In [4]:
import sys
from pathlib import Path
from dotenv import load_dotenv

# Set up directory paths
notebook_path = Path().resolve()  # Path to the current notebook directory
experiments_path = notebook_path.parent # Path to the experiments directory where the utils module is located
backend_path = experiments_path.parent / "backend"

if experiments_path not in sys.path:
    sys.path.insert(0, str(experiments_path))

# Load environment variables from backend/.env if it exists;
# otherwise, load system environment variables with default behavior
env_path = backend_path / ".env"
if env_path.exists():
    load_dotenv(env_path, override=True)
    print(f"[OK] Loaded environment variables from {env_path}")
else:
    load_dotenv(override=True)
    print("[WARNING] Backend .env not found, using default environment")

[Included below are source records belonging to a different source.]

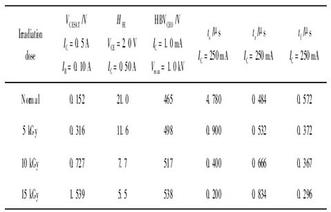 從表1中我們可以看到, 經過輻照后, 儲存時間ts 隨著輻照劑量的增大有很大幅度的減小, 下降時間tf 有所減小, 上升時間tr 有所增加; 電流放大系數隨著輻照劑量的增加而下降; 飽和壓降和擊穿電壓HBVceo隨輻照劑量的增大而增大。
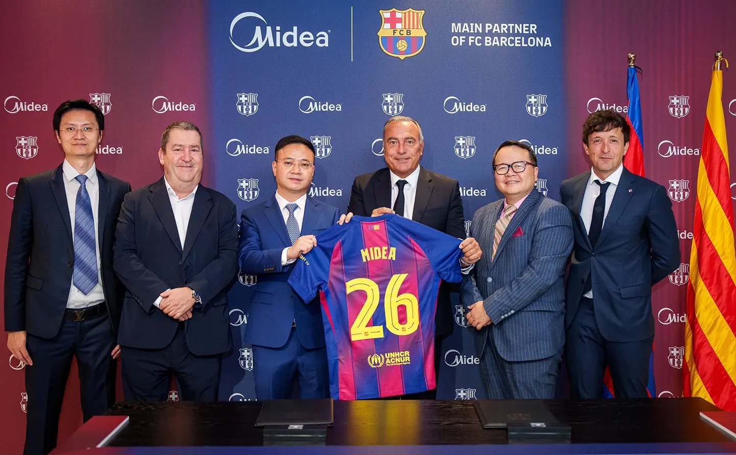 ลูวิส ฝู ประธานฝ่ายธุรกิจระหว่างประเทศของไมเดีย ร่วมลงนามข้อตกลงร่วมเป็นพาร์ทเนอร์หลักกับ ราฟาเอล ยุสเต รองประธานสโมสรฟุตบอลบาร์เซโลนา พร้อมเยี่ยมชมสนามฟุตบอลร่วมกับผู้บริหารระดับสูงของไมเดีย ณ สนาม Spotify Camp Nou บาร์เซโลนา ประเทศสเปน โดยโลโก้ไมเดียจะปรากฏบนแขนเสื้อชุดการแข่งขันและชุดฝึกซ้อมของสโมสรฟุตบอลบาร์เซโลนา รวมถึงการประชาสัมพันธ์แบรนด์อย่างกว้างขวางระหว่างการแข่งขันฟุตบอลลา ลีกาทีมเหย้าอีกด้วย
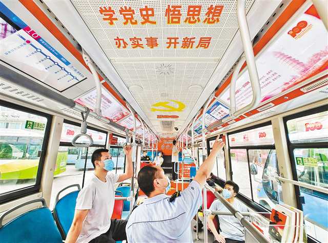 作為黨史學習教育宣傳的移動平臺,該路公交車配有黨史電子圖書館、建黨100周年祝福留言板、黨史書籍讀書角等,駕駛員擔任黨史宣講員,為乘客簡要介紹沿途紅色景點、革命故事等。目前,“黨史進車廂”已在我市14條公交線路的58輛公交車上線,公交集團還將陸續推出“青年奮進號”等主題車廂,讓市民對黨史有更多了解。
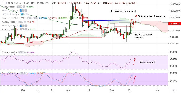 NEO/USD has paused upside at daily cloud top, bias remains bullish
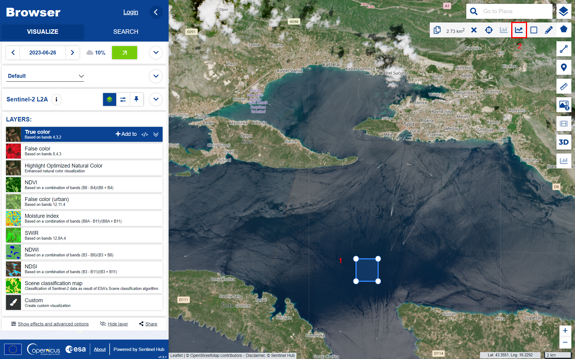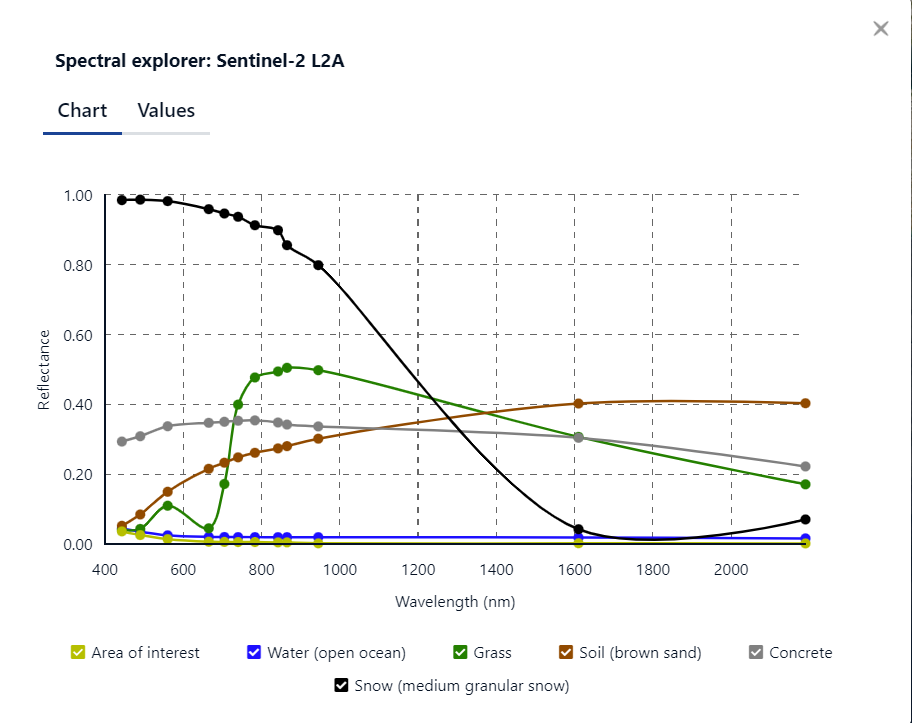 The Spectral Explorer analyses the various bands of the multi-spectral imagery to extract the spectral signature and helps to identify the scene in the region of interest. You can follow these steps to see a simple example of this feature. Note that this feature is only available for Sentinel-2 imagery at the moment.
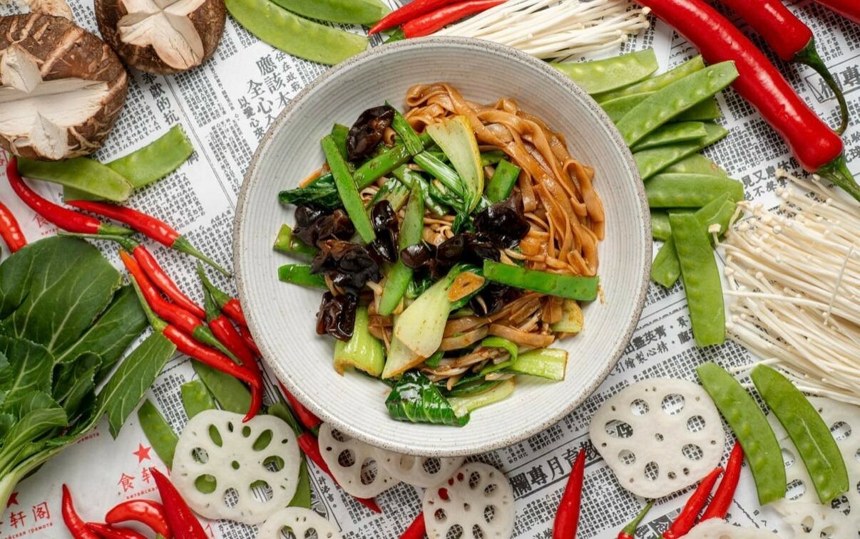 Плоская рисовая лапша с овощами

[OK] Loaded environment variables from C:\Users\smvan\repos\madetech-rag-assistant\backend\.env


In [5]:
# --- Local Utilities ---
from utils.handbook_loader import load_handbook_documents

# Load all handbook documents from the backend data/handbook directory
all_documents = load_handbook_documents(backend_path / "data" / "handbook")

In [7]:
# --- Environment and API ---
import openai

# --- Tokenization ---
import tiktoken

# --- Numerical and Data Science ---
import numpy as np
from sklearn.manifold import TSNE

# --- Database ---
from chromadb import PersistentClient

# --- Visualization ---
import plotly.graph_objects as go

In [8]:
# How many characters in all the documents?
print(f"Found {len(all_documents)} files in the knowledge base")

entire_knowledge_base = ""

for doc in all_documents:
    entire_knowledge_base += doc.content

print(f"Total characters in knowledge base: {len(entire_knowledge_base):,}")

Found 161 files in the knowledge base
Total characters in knowledge base: 637,427


In [9]:
# How many tokens in all the documents?
MODEL = 'gpt-4o-mini'

encoding = tiktoken.encoding_for_model(MODEL)
tokens = encoding.encode(entire_knowledge_base)
print(f"Total tokens in knowledge base: {len(tokens):,}")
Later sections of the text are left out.